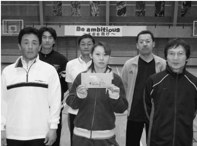
バレーボール優勝 共栄第1チーム
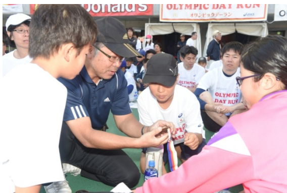
・メダルを手に感動する参加者。
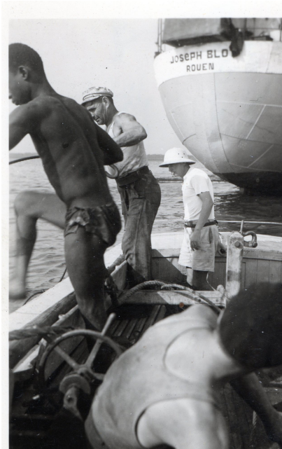
Un « mouillé » en pleine action

Toutes ces équipes étaient commandées par un Chef , le Chef Cacatois = en réalité c'était un chef tribal du village qui recrutait qui il voulait et qui empochait la quasi-totalité des salaires de ses hommes .

————

Instructions to follow: Each line from the one containing "en pleine action" through the end of the material must be returned exactly; no other line should appear.

Task output:
Un « mouillé » en pleine action

Toutes ces équipes étaient commandées par un Chef , le Chef Cacatois = en réalité c'était un chef tribal du village qui recrutait qui il voulait et qui empochait la quasi-totalité des salaires de ses hommes .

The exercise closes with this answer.